Electric armour or electromagnetic armour is a type of reactive armour proposed for the protection of ships and armoured fighting vehicles from shaped charge and possibly kinetic weapons using a strong electric current, complementing or replacing conventional explosive reacting armour (ERA).
Electric armour is a newer reactive armour technology. This armour is made up of two or more conductive plates separated by an air gap or by an insulating material, creating a high-power capacitor. In operation, a high-voltage power source charges the armour.

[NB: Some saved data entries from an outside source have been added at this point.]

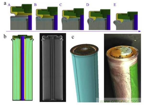 美國(guó)麻省理工學(xué)院的Juner Zhu等人利用18650電池研究了在發(fā)生軸向擠壓的過程中鋰離子電池的發(fā)生熱失控的機(jī)理,并利用有限元分析模型進(jìn)行了仿真分析,該模型還原了不同的軸向壓力對(duì)鋰離子電池造成的影響,分析結(jié)果得到了CT掃描的驗(yàn)證,該仿真分析結(jié)果發(fā)現(xiàn)了兩種可以解釋在擠壓試驗(yàn)中導(dǎo)致鋰離子電池發(fā)生短路原因。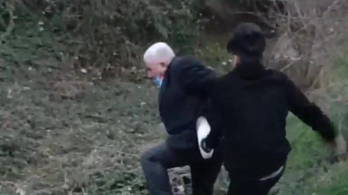 Kocaeli'nin Derince ilçesinde boynuna ip bağladığı sokak köpeğini götüren yaşlı kişiyi gören gençler, şüphelenerek takibe başladı.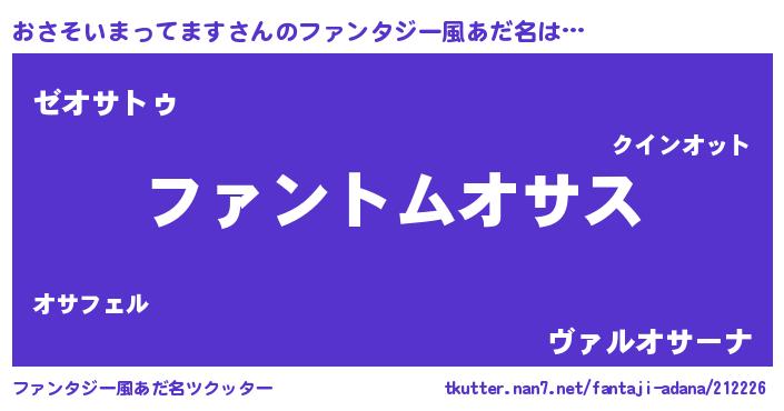 | 男性向けラノベタイトル風あだ名 | 『おさそいまってますの嫁は女の子じゃないと思った?』 |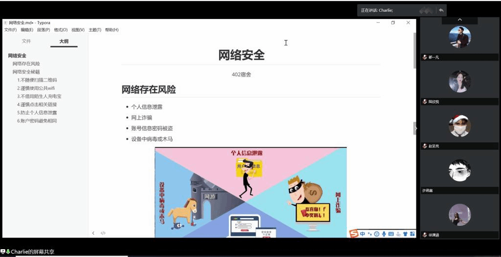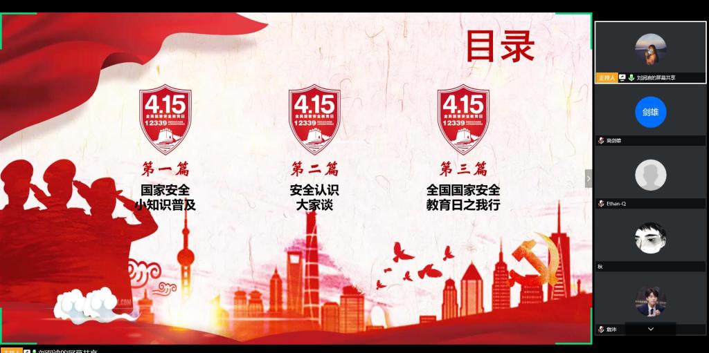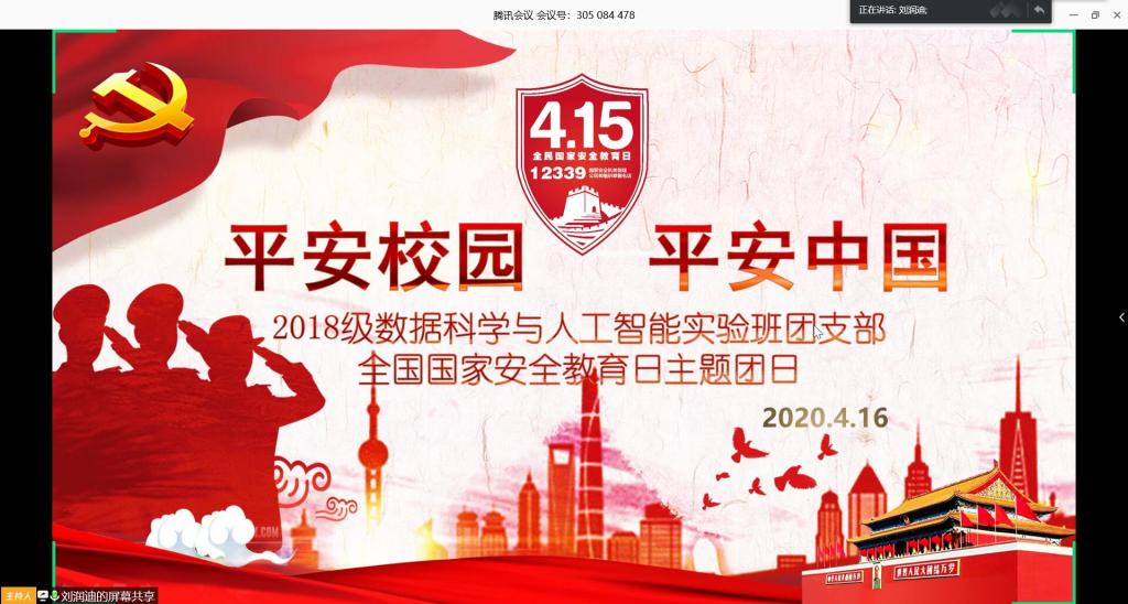 本站讯 为响应第五个全国国家安全教育日宣传活动的号召,提高同学们关于个人和国家安全的意识,4月16日下午,2018级数据科学班开展以“平安校园,平安中国”为主题的线上团日活动。本次会议由团支部书记刘润迪主持,全体同学参与了活动。

When an incoming body penetrates the plates, it closes the circuit to discharge the capacitor, dumping a great deal of energy into the penetrator, vaporizing it or even turning it into a plasma, significantly diffusing the attack.
Another version of electric armour uses layers of plates of electromagnetic metal with silicone spacers on alternate sides. The damage to the exterior of the armour passes electricity into the plates causing them to magnetically move together. As the process is completed at the speed of electricity the plates are moving when struck by the projectile causing the projectile energy to be deflected whilst the energy is also dissipated in parting the magnetically attracted plates.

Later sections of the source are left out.